One other thing I’m pondering for part 5 is whether I ought to set up /var/log
to just be another part of the
per-node shares, or whether it would be better to do syslog over the network… if you have thoughts or knowledge
on that topic, do let me know.
I might well take a break from this series to do one or more short posts that I’ve had in mind for a while but put-off while this one was half-finished; we’ll see. One of them, ironically, is about the many unfinished projects I have in the air at any given time!
Anyway, I definitely want to make this setup more stable before I proceed with the Kubernetes stuff because I assume setting up Kubernetes is going to be tricky and I’d prefer to avoid having to figure out whether things are breaking because I screwed up the OS config or because I screwed up the Kubernetes config!

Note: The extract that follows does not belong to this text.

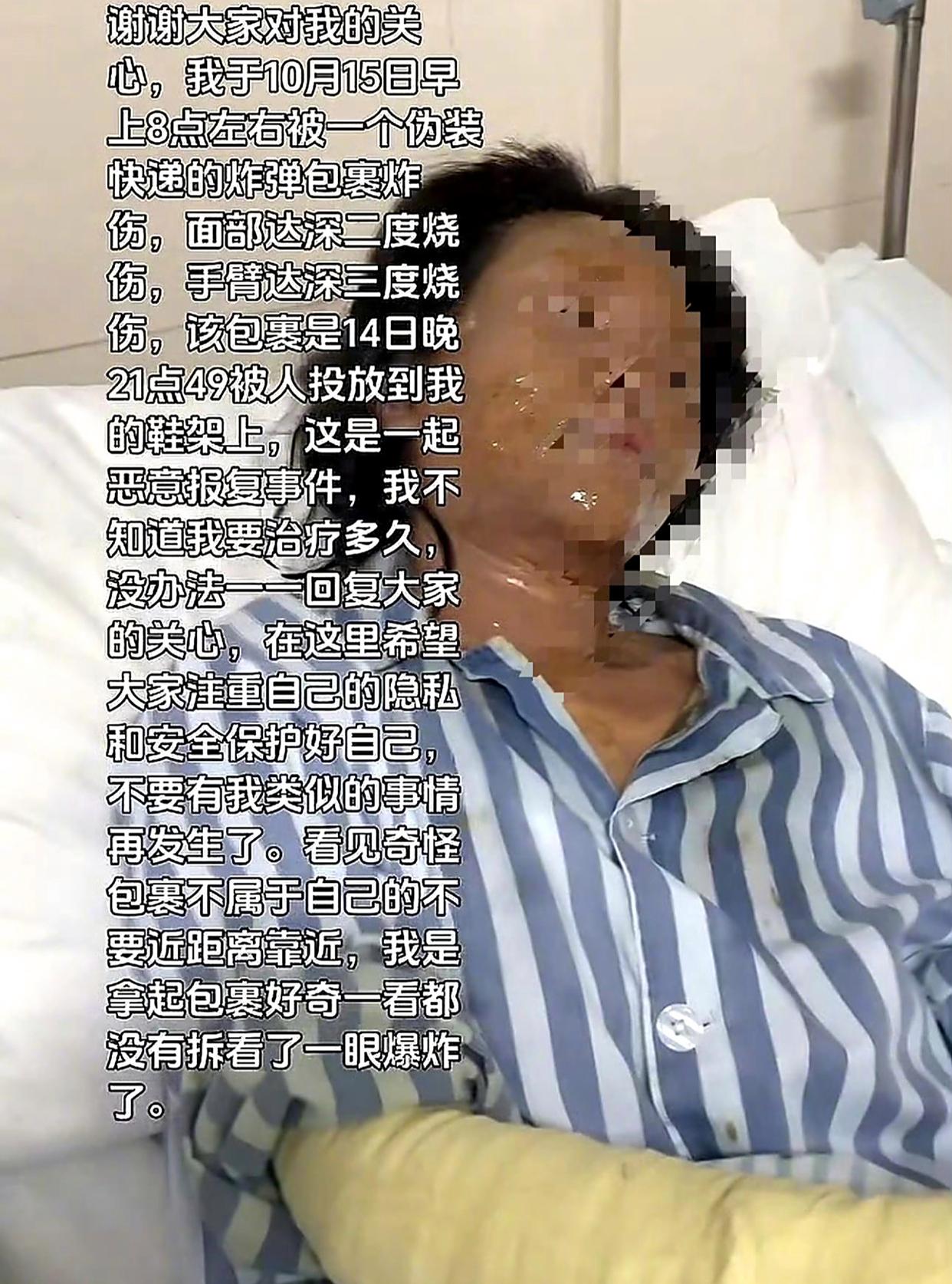 北京时间10月16日讯:湖南一女主播收到炸弹包裹被炸伤,目前当地公安部门已介入调查。10月16日户外跳舞主播欢欢(化名)发文控诉自己被神秘包裹炸伤,据悉15日晚欢欢在家门口的鞋架上发现一神秘快递包裹,随后欢欢便拿起包裹准备查看,结果不想在欢欢拿起快递的一瞬间,涉事包裹发生剧烈爆炸,随后欢欢被紧急送往医院治疗,目前欢欢面部、手臂、眼睛等部位烧伤严重。

So. Coming soon-ish (hopefully): Part 5 - Getting a clean boot
Some more handy resources
- https://wiki.debian.org/ReadonlyRoot
- https://www.iram.fr/~blanchet/tutorials/read-only_diskless_debian10.pdf
- https://unix.stackexchange.com/questions/741635/what-happens-to-the-files-in-directories-mounted-by-initrd-when-initrd-unmount
- https://github.com/iputils/iputils/blob/master/ping/ping.c
- https://opennms.discourse.group/t/how-to-allow-unprivileged-users-to-use-icmp-ping/1573
Footnotes
¹ As usual, this isn't entirely true. The MAC address can usually be changed via the BIOS (I haven't tried) and part of the MAC address actually encodes (or used to) the manufacturer - which meant that sketchy hardware makers would sometimes re-use an existing manufacturer prefix creating the risk that their cards would actually have colliding MAC addresses. In practice all mine are legit intel hardware and I don't plan to change them in BIOS so this is good enough for me.